[What is expected] Give an exact transcription limited to the lines from the one with "方形天花板以其款式多,整体平" through the end of the entries, including both; no pictures belong in it.

[Extracted information]
☆ ☆ ☆
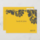 Cartão Postal De Convite Damask Yellow e RSVP de Casamento de Cinzas
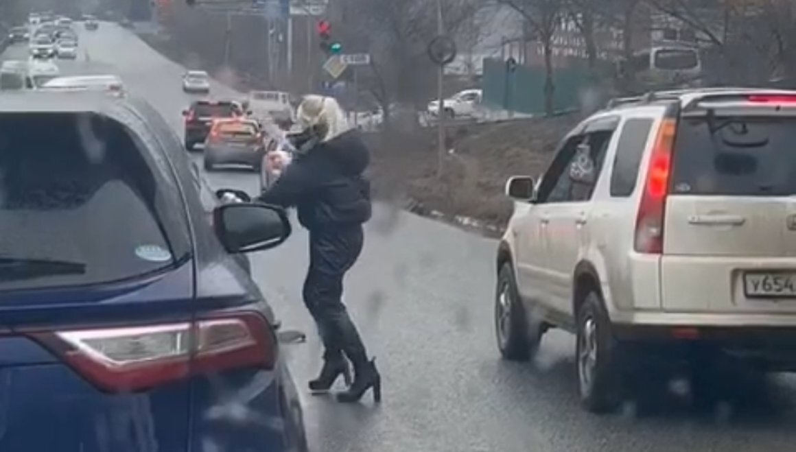 Блондинка с огромным тесаком напала на автомобиль во Владивостоке — выяснились причины
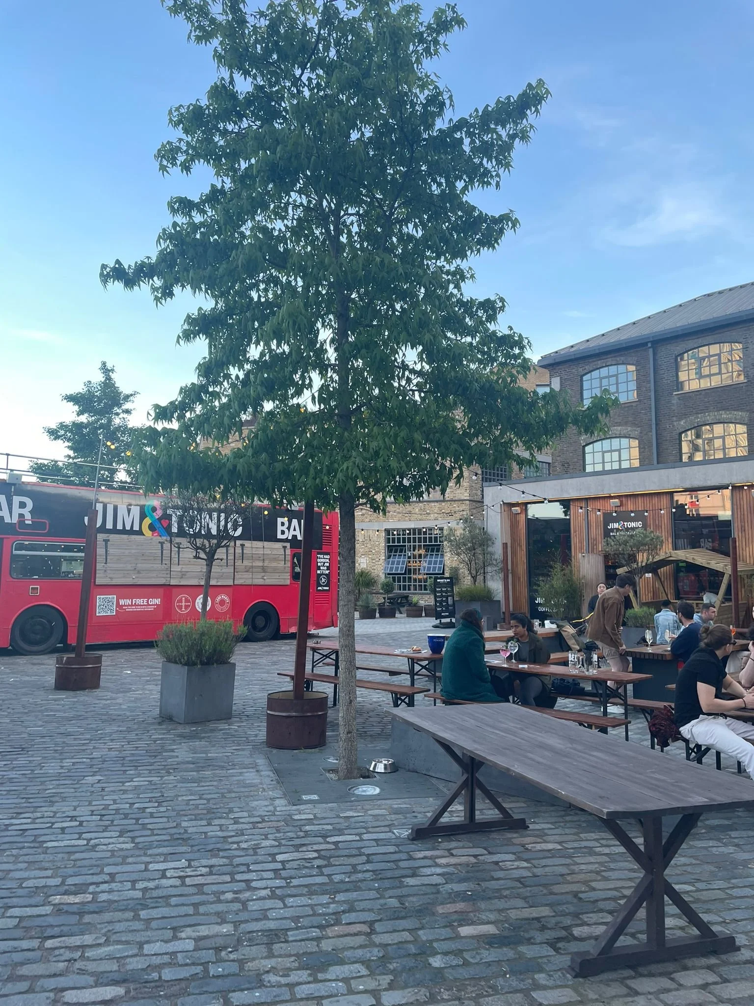 Jim & Tonic is located on Stratford High Street, with the Three Mills Wall River right by them.
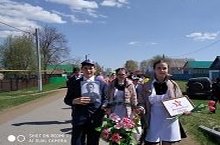 Бөек Җиңүгә багышланган митингта башлангыч класс укучылары Ә.Р.Исрафилованың “Әтиебез үлмәде, ул исән!” дигән әсәрен сәхнәләштерделәр. Шигырьләр, җырлар бәйрәмне тагын да тулылындырды. Җитәкче укытучы: Р.С.Әмирова./Ученики начальных классов на митинге, посвященном Великой Победе поставили пьесу А. Р. Исрафиловой "Отец не умер, он жив!". Стихи, песни наполнили праздник. Учитель-руководитель: Р.С.Амирова.
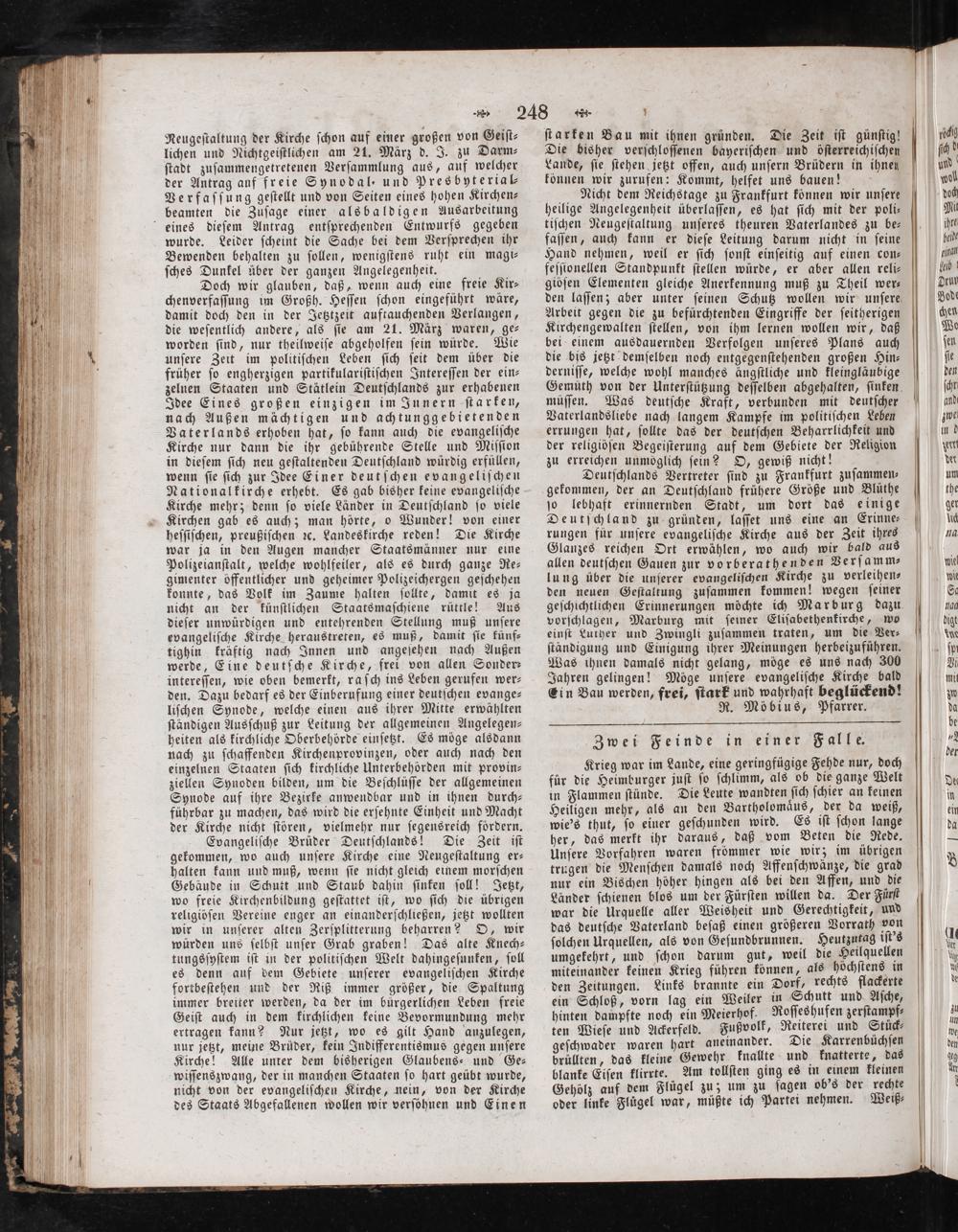 müſſen. Was deutſche Kraft, verbunden mit deutſcher Vaterlandsliebe nach langem Kampfe im politiſchen Leben errungen hat, ſollte das der deutſchen Beharrlichkeit und der religibſen Begeiſterung auf dem Gebiete der Religion zu erreichen unmoglich ſein? O, gewiß nicht! Deutſchlands Vertreter ſind zu Frankfurt zuſammen— gekommen, der an Deutſchland frühere Größe und Blüthe ſo lebhaft erinnernden Stadt, um dort das einige Deutſchland zu gründen, laſſet uns eine an Erinne— rungen für unſere evangeliſche Kirche aus der Zeit ihres Glanzes reichen Ort erwählen, wo auch wir bald aus allen deutſchen Gauen zur vorberathenden Verſamm⸗ lung über die unſerer evangeliſchen Kirche zu verleihen⸗ den neuen Geſtaltung zuſammen kommen! wegen ſeiner geſchichtlichen Erinnerungen möchte ich Marburg dazu vorſchlagen, Marburg mit ſeiner Eliſabethenkirche, wo einſt Luther und Zwingli zuſammen traten, um die Ver⸗ ſtändigung und Einigung ihrer Meinungen herbeizuführen. Was ihnen damals nicht gelang, möge es uns nach 300 Jahren gelingen! Möge unſere evangeliſche Kirche bald Ein Bau werden, frei, ſtark und wahrhaft beglückend! R. Möbius, Pfarrer.
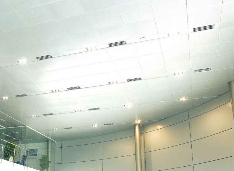 方形天花板以其款式多,整体平面效果好,线条简洁美观,安装方便的特点。广泛使用于写字楼、商场、火车站、机场、大型会所等场合。
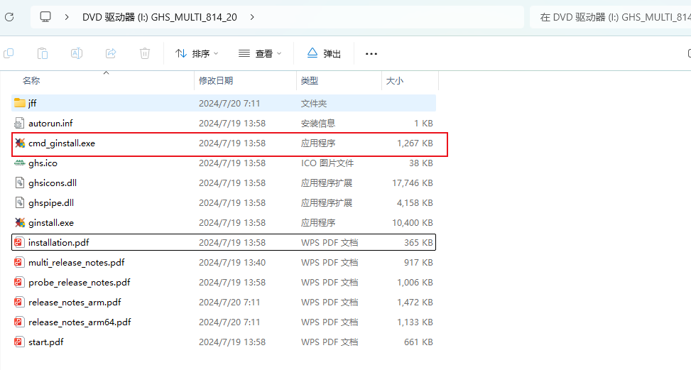 (4)、"ginstall"和“cmd_ginstall”命令的區別在于,"ginstall"命令在執行后會打開GHS的安裝界面,但是,“cmd_install”并不會,“cmd_install”只會打開一個對應的命令窗口。
☆ ☆ ☆
[Response for this exercise]
 方形天花板以其款式多,整体平面效果好,线条简洁美观,安装方便的特点。广泛使用于写字楼、商场、火车站、机场、大型会所等场合。
 (4)、"ginstall"和“cmd_ginstall”命令的區別在于,"ginstall"命令在執行后會打開GHS的安裝界面,但是,“cmd_install”并不會,“cmd_install”只會打開一個對應的命令窗口。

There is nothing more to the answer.